Artwork Information

  • Title:

    Title Plate

  • Artist:

    Blake, William

  • Artist Bio:

    British, 1757–1827

  • Date:


  • Medium:


  • Dimensions:

    7 7/16 x 5 3/4 inches

  • Credit Line:

    Wichita Art Museum, Gift of Mr. Robert Fizzell

  • Object Number:


  • Display:

    Not Currently on Display

About the Artwork

William Blake was a poet, painter, and engraver who is now recognized as one of the geniuses of English Romanticism. His work exercised enormous influence upon the artistic avant-garde in England and the U.S. at the end of the 19th century and the beginning of the 20th century. However, during his own lifetime, Blake received little understanding or financial reward.

Blake exhibited his extraordinary qualities of poetic vision as early as age ten when he reported to his parents after one of his solitary walks that he had seen a host of angels in a tree. Throughout his life Blake continued to see visions, which he experienced as more corporeal that reality and which he translated into the vivid metaphors and graphic symbols of his “composite art” of poetry and visual imagery.

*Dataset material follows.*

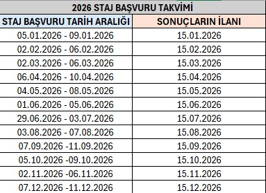 STAJ BAŞVURU EVRAKLARI

After 1778, Blake made the acquaintance of a number of the most unorthodox artists and thinkers in Europe, people such as the artist John Flaxman, who belonged to the mystical sect of Swedenborg, the rationalist Joseph Priestley, and the radical publisher Joseph Johnson. These people were sympathetic with the revolutions in France and in the American colonies, critical of the authority of the Church, and disdainful of the current education system.

Blake was even more radically individualistic than his friends. He opposed the concepts of private property, established religion, government, the laws of the time and current social conventions, which he perceived as degrading to women and children. He abhorred war and any kind of machinery which he believed enslaved men in long hours of stupefying labor.

William Blake accepted Christ’s sermon on the Mount quite literally as the “Everlasting Gospel,” the only authoritative guide to human behavior. He believed that the ideal state of human society, a state characterized by grace, joy, harmony, and mutual respect, could only be achieved through a spiritual revolution in the soul of each individual. The artist’s late engraved work of the ILLUSTRATIONS OF THE BOOK OF JOB crowned Blake’s lifelong exploration of this theme.